Лалэ была довольна: Кудрат ел с аппетитом и терпеливо ждал, пока закипит, чайник.
6
После просмотра фильма "Аршин мал алан" зрители расходились из Дворца культуры, напевая песенку Вели и Телли.
Таир любил музыку, знал немало песен и старых, и новых, из кинофильмов. Но сегодня его не волновал фильм, который он уже видел раньше, не заражало и веселье молодежи, выходившей из кинозала. Как только исчез на экране последний кадр, мысли Таира снова вернулись к тому самому важному, что ожидало его впереди: удастся ли показать себя на работе, остаться в Баку?... В памяти всплыли события и картины этого первого городского дня: беседа с управляющим трестом Исмаил-заде, который так охотно принял его, неопытного деревенского парня, работать и учиться на промысле, поздравления новых друзей в маленькой комнатке молодежного общежития, вторая встреча с Лятифой у входа в кинозал, когда она всем четверым вручила билеты, а на него, Таира, взглянула каким-то особенным взглядом... Таир почти не слушал, о чем говорили шагавшие рядом с ним Джамиль, Самандар и Биландар.

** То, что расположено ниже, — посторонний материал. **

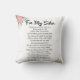 Você está procurando um presente para sua irmã? Se você está procurando presentes de irmã, este travesseiro decorativo é a maneira perfeita de mostrar o quanto você ama e aprecia sua irmã. Não há nada como algo corajoso para aquecer o coração do seu amado. Quer você esteja procurando um presente de aniversário para sua irmã, um poema de irmã mais velha, ou um presente, porque este travesseiro de irmã é o presente sentimental perfeito.

- Это что! - говорил Джамиль, расхваливая Баку и кое-что явно преувеличивая. - Здесь у нас, что ни день, какое-нибудь развлечение. Стоит тебе пробыть здесь день - другой, как и думать забудешь о своей деревне.
Новый мир, раскрывшийся перед Таиром, все больше захватывал его. Юноша постепенно привыкал к городскому шуму и головокружительной быстроте уличного движения.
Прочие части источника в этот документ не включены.